Die Überzahlungen erscheinen entscheidungsreif; die Gegenseite beruft sich (bislang) ausschließlich auf das Aufrechnungsverbot.

Ist jetzt die (Eventual-)Widerklage (vorsorglich) indiziert oder nicht. Mit der Verjährungseinrede muss natürlich gerechnet werden. Oder könnte man im Blick auf § 215 BGB die Aufrechnungslage erzwingen durch einen Antrag auf Feststellung, dass die Gegenansprüche entstanden sind? Das käme es wenigstens zu einer gerichtlichen Feststellung über die Gegenansprüche, die spätestens in der zweiten Instanz auch rechtskräftig würde.

 

RR-E-ft:
Die Aufrechnung ist in der konkreten Situation zwar nach § 215 BGB nicht wegen Vejährung ausgeschlossen, wohl aber nach § 17 Abs. 3 GVV.

Unter Zugrundelegung von BGH, Urt. v. 06.04.11 VIII ZR 31/09, juris wird der Aufrechnung das gesetzliche Aufrechnungsverbot des § 17 Abs. 3 GVV wohl selbst dann entgegenstehen,
wenn der zur Aufrechnung gestellte Gegenanspruch zugleich entscheidungsreif ist, also selbst wenn es um eine logische Sekunde geht,
in welcher der zur Aufrechnung gestellte Gegenanspruch noch nicht durch die Entscheidung in diesem Prozess festgestellt ist.

Und selbst wenn der Gegenanspruch in diesem Prozess nicht nur entscheidungsreif, sondern auch festgestellt wäre,
wäre er wohl im Sinne von § 17 Abs. 3 GVV noch nicht rechtskräftig festgestellt,
wenn das Urteil erst später (nach Ablauf der Rechtsmittelfrist oder nach rechtskräftigem Abschluss des Rechtsmittelverfahrens) in Rechtskraft erwachsen kann.


--- Zitat von: vn-mini am 25. März 2013, 22:26:14 ---Ist jetzt die (Eventual-)Widerklage (vorsorglich) indiziert oder nicht. Mit der Verjährungseinrede muss natürlich gerechnet werden. Oder könnte man im Blick auf § 215 BGB die Aufrechnungslage erzwingen durch einen Antrag auf Feststellung, dass die Gegenansprüche entstanden sind? Das käme es wenigstens zu einer gerichtlichen Feststellung über die Gegenansprüche, die spätestens in der zweiten Instanz auch rechtskräftig würde.
--- Ende Zitat ---

Für die gem. § 17 Abs. 3 GVV zulässige Aufrechnung muss der bestrittene Gegenanspruch
im Zeitpunkt der Aufrechnung bereits rechtskräftig gerichtlich festgestellt sein. 

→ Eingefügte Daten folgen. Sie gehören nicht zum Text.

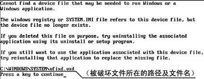 Win9X系统是一种比较容易崩溃的系统,当系统中的重要系统文件被破坏后,往往会导致系统无法启动。其中最常见的故障就是“VxD”文件丢失或遭到破坏所导致的无法启动。Win9X启动时需要载入虚拟装置驱动程序(VxD),如果被破坏的VxD文件不是核心文件,则系统还能正常启动,只是会提示某某VxD文件出错。万一是核心VxD文件,则系统就会无法启动,同时还会提示丢失了哪些VxD文件(图3)。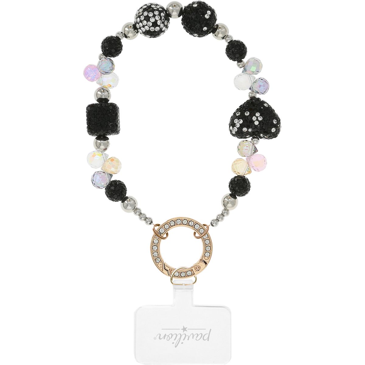 The Black Crystal Wristlet is designed to blend glamour and convenience seamlessly. Its beaded design, with alternating black and iridescent crystal-like beads, makes it a standout accessory that doubles as a practical phone holder. The gold metal clasp is gemmed for extra sparkle, while the clear acrylic tab ensures easy phone attachment. Whether you’re out running errands or attending an elegant event, this wristlet keeps your phone within reach and your hands free. It’s more than an accessory—it’s a style statement with functionality.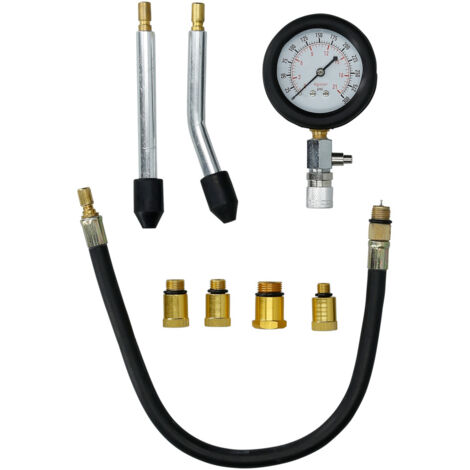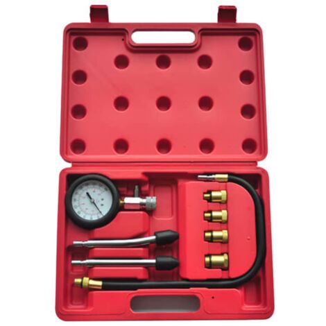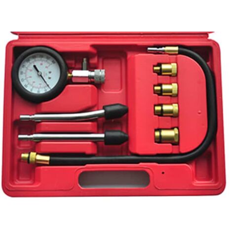 Profiverkzeug für jede Werkstatt! Dieser Kompressionstester misst präzise von 0-20 bar bzw. 0-300 PSI und zeigt dir sofort den Zustand deines Motors an. Mit dabei: 4 verschiedene Adapter (M10, M12, M14, M18) für fast alle gängigen Fahrzeuge - ob Auto, LKW oder Motorrad. Das Manometer mit doppelter Skala ist super ablesbar, der Kupferschlauch ist 43cm lang und gibt dir genug Spielraum. Besonders praktisch: Das empfindliche Auslassventil und das selbstsichernde Gelenk für genaue Messergebnisse. So checkst du schnell und einfach Ventile, Kolbenringe oder Zylinderbohrungen. Kommt im praktischen Kunststoffkoffer - alles sicher verstaut und immer griffbereit. Ein Muss für jede Fahrzeugdiagnose!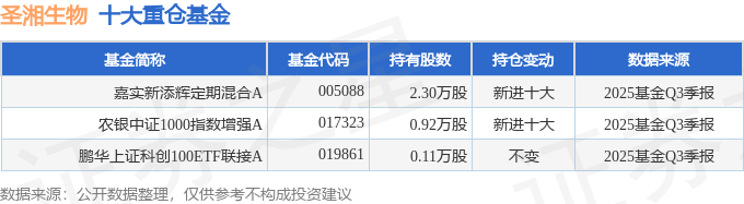持有圣湘生物最多的基金为嘉实新添辉定期混合A,目前规模为0.45亿元,最新净值0.9517(10月30日),较上一交易日下跌1.09%,近一年上涨8.05%。该基金现任基金经理为张丹华。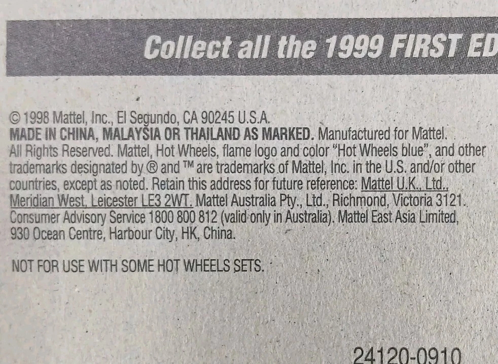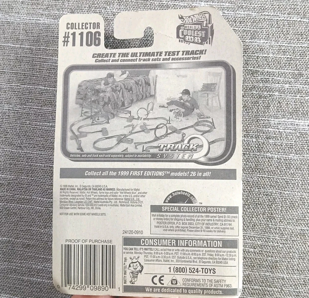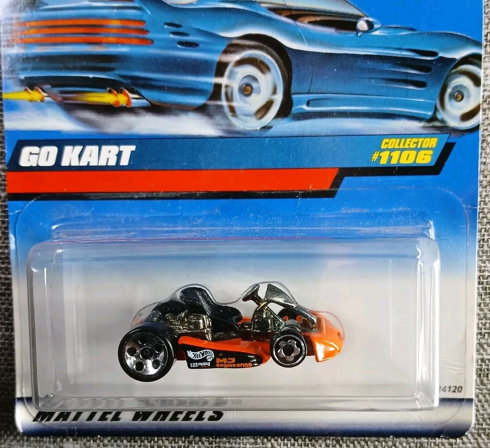 This 1999 Hot Wheels Collector No #1106 GO KART is a perfect addition to any die-cast car collection. The orange color and chrome 5-hole spoke wheels make it a standout piece. The vehicle is made of a combination of die-cast metal and plastic, ensuring durability and authenticity. The unopened box and 1:64 scale make it a great gift for collectors of all ages. The recommended age range is 3+, but children and adults alike will appreciate this classic Hot Wheels model. The car was manufactured in Malaysia and is part of the Mattel Wheels theme. Don't miss out on this opportunity to add a piece of Hot Wheels history to your collection. Condition: Brand new. Perfect condition, Please review all photos for additional details.
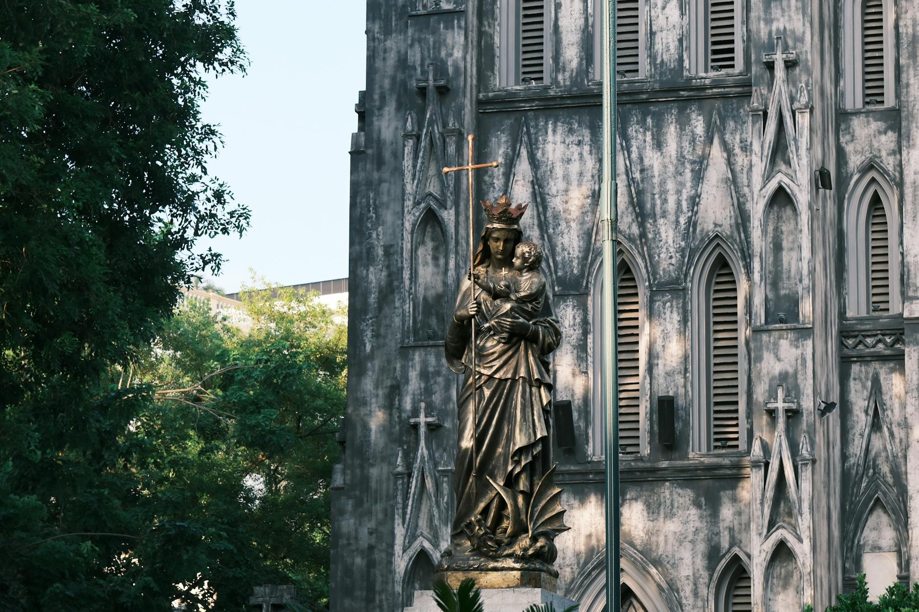 Image n°4 – Statue de la Sainte Vierge Marie et de Son Enfant Jésus devant une Eglise – Photo de tu nguyen sur Pexels.com

In der Folge wird wohl der Gegenanspruch des Kunden nur mit einer (Eventual-) Widerklage geltend gemacht werden können.

Auch für die Widerklage wird wohl gelten, dass die Leistungsklage Vorrang vor einer Feststellungsklage hat,
mithin eine Feststellungsklage unzulässig ist.

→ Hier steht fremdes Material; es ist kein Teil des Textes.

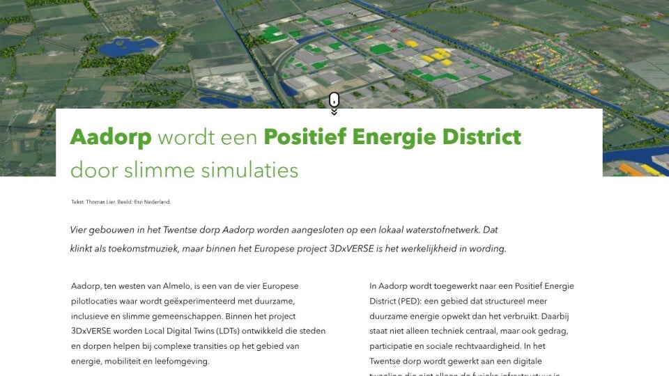 Aadorp is daarmee niet alleen een testlocatie, maar ook een inspiratiebron voor andere dorpen in Nederland en Europa. “Het mooie is dat we met 3DxVERSE ook gelijk nadenken hoe geleerde lessen gedeeld kunnen worden én ontwikkelde toepassingen gekopieerd kunnen worden. Als dit in Aadorp werkt, kan het overal werken”, aldus Maarten Welmers, strategisch business developer bij Esri Nederland.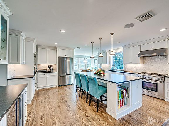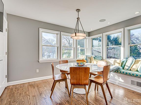 Welcome to this picturesque, tree-lined street in the vibrant town of Metuchen! This beautifully updated colonial home immediately catches your eye with its gleaming hardwood floors and inviting layout. The living room features a cozy fireplace, custom built-ins, and a charming window seat. An oversized formal dining room offers the perfect space for entertaining, while the family room provides a warm and relaxing retreat. The custom gourmet kitchen is a true showstopper, boasting an oversized center island with seating, a separate sun-filled dining area surrounded by windows, a pantry, and a convenient mudroom. A stylish powder room completes the first floor. Upstairs, the spacious primary bedroom includes a full en-suite bath, complemented by three additional generously sized bedrooms. The home also offers a two-car attached garage and a full basement with a finished recreation room ideal for gatherings or quality time. Step outside to an absolutely breathtaking backyard featuring a covered patio, perfect for outdoor dining and relaxation. Indulge in Metuchen's lively downtown featuring unique shopping, world class restaurants, Whole Foods Market, and seamless train connectivity. Enjoy premium amenities like YMCA and the Metuchen Pool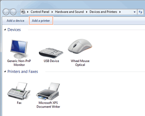 - In Windows 7/Server 2008 R2, click [View devices and printers] under [Hardware and Sound]. When [Control Panel] is displayed in an icon view, double-click [Devices and Printers].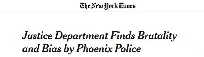 據(jù)《紐約時報》報道,美國司法部13日對亞利桑那州首府菲尼克斯市的警務(wù)工作進行了全面審查,發(fā)現(xiàn)該市存在嚴重歧視非裔、西班牙裔和美洲原住民,經(jīng)常侵犯無家可歸者的權(quán)利以及過度使用武力等現(xiàn)象。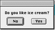 | answer | answer := Dialog confirm: 'Do you like ice cream?'.

Auch der Leistungsklage in Form einer Widerklage wird wohl die Verjährungseinrede gem. § 214 Abs. 1 BGB
erfolgreich entgegengesetzt werden können.

Wäre die Feststellungsklage als Widerklage hingegen zulässig,
müsste wohl eine Wider- Widerklage gewärtigt werden, nämlich auf Feststellung, 
dass der Gegenanspruch, dessen Feststellung mit der Widerklage begehrt wird,
seinerseits bereits verjährt ist.

Das Ergebnis, wonach der Leistungsklage in Form der Widerklage die Verjährungseinrede entgegengehalten werden kann, mag unbillig erscheinen.
 Es erscheint dann wohl allenfalls fraglich, ob in dieser besonderen  Konstellation die Verjährungseinrede gegen die Widerklageforderung ihrerseits
ggf. als rechtsmissbräuchlich gewertet werden kann.

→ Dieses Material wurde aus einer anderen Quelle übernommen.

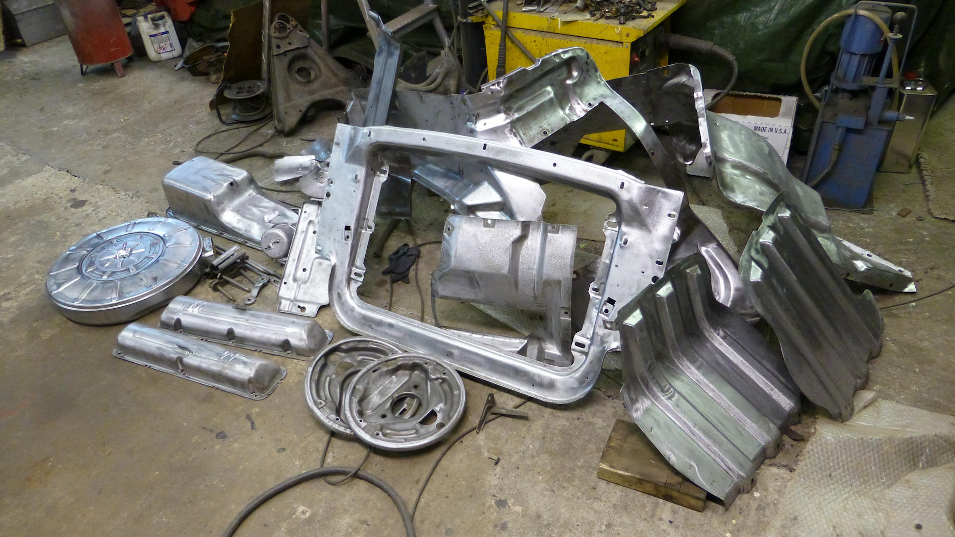 I've been doing a lot of boring dirty work this week, so the pile of parts ready for paint is growing every day. Here are the inner fenders, radiator support, battery tray and a lot of other parts for the front of the car stripped from undercoating, old paint and surface rust.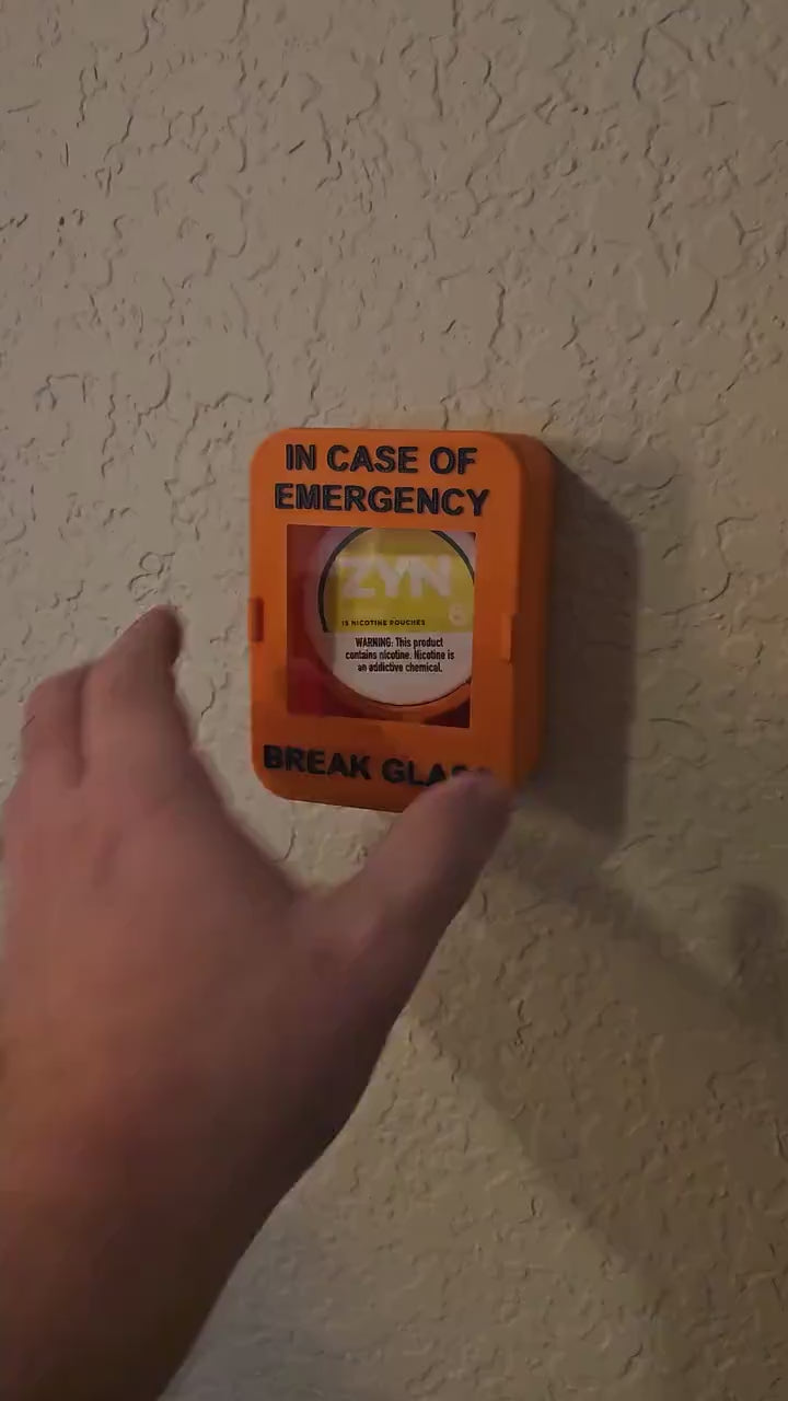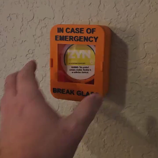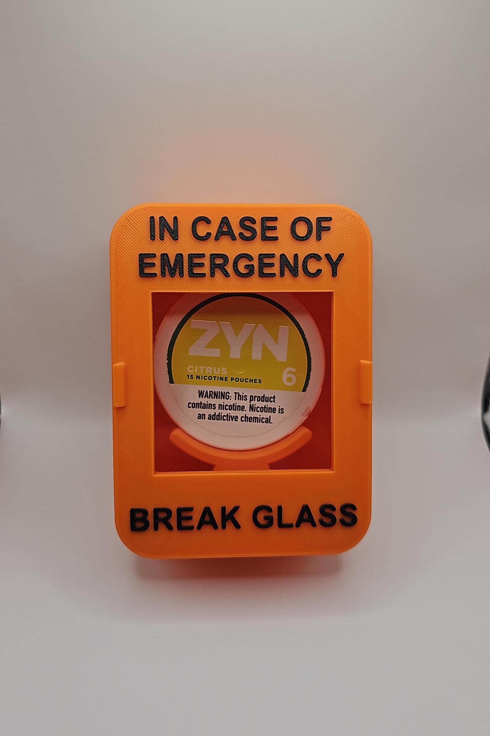 This is more than just a novelty—it’s a fully functional "In Case of Emergency Break Glass" holder, featuring a high-quality PLA Front Panel with an acrylic window for a realistic and polished touch. Designed to hold round cans from popular brands such as Zyn, this unique case combines practicality with a sense of humor, making it a must-have for your space.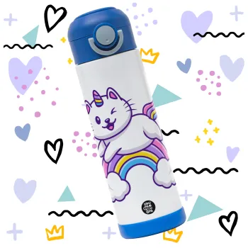 Cute cat unicorn, Children's hot water bottle, stainless steel, with safety straw, BLUE (500ml)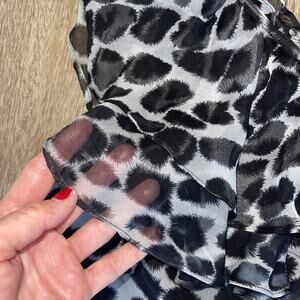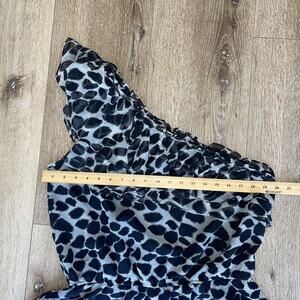 Kenar One Shoulder Black Silk Ruffle Blouse Sz L Animal Print Lined Exotic Flare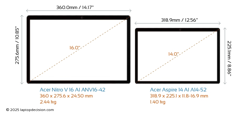 Thunderbolt Aspire 14 AI A14-52 está equipado con un puerto Thunderbolt 4. Nitro V 16 AI ANV16-42 no tiene puerto Thunderbolt.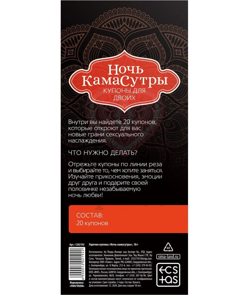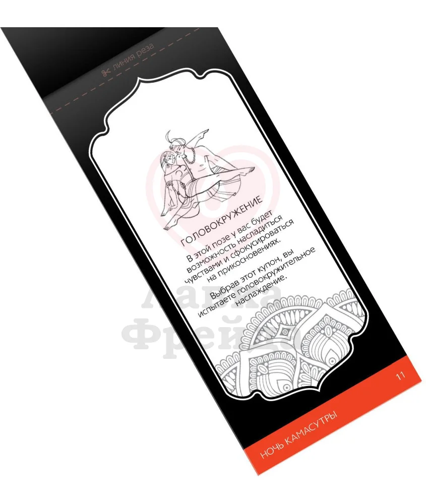 Купоны «Ночь Камасутры» - удивительный набор для пар, который дополнит и приукрасит интимную жизнь. В каждой карточке вы найдете самую откровенную и приятную позу, подобранную авторами, из сборника индийских учений. Но следует учесть, что отказаться от ее исполнения при получении купонов вы не сможете.

Erhebt der Versorger erstmals  im Prozess über die anhängige Widerklage die Einrede der Verjährung,
muss die Widerklage in der Hauptsache für erledigt erklärt werden,
weil die erstmalige Verjährungseinrede im Prozess ein erledigendes Ereignis darstellt.

Nur bei glücklicher Fügung würde die Widerklage erfolgreich sein, wenn der Versorger keine Verjährungseinrede erhebt,
und das Widerklageurteil hiernach unangefochten rechtskräftig werden,
bevor das auf die Zahlungsklage des Grundversorgers ergangene Urteil  rechtskräftig wird,
so dass zwischen den Instanzen oder in der weiteren Instanz die Aufrechnung gem. § 17 Abs. 3 GVV erst zulässig wird.
 
Wenn die sodann die erst zulässig gewordene  Aufrechnung (nochmals) erfolgt, müsste der Versorger deshalb sodann in der Rechtsmittelinstanz
den Rechtsstreit in der Hauptsache für erledigt erklären, weil die dann erst zulässige und erfolgreiche Aufrechnung ein erledigendes Ereignis darstellt.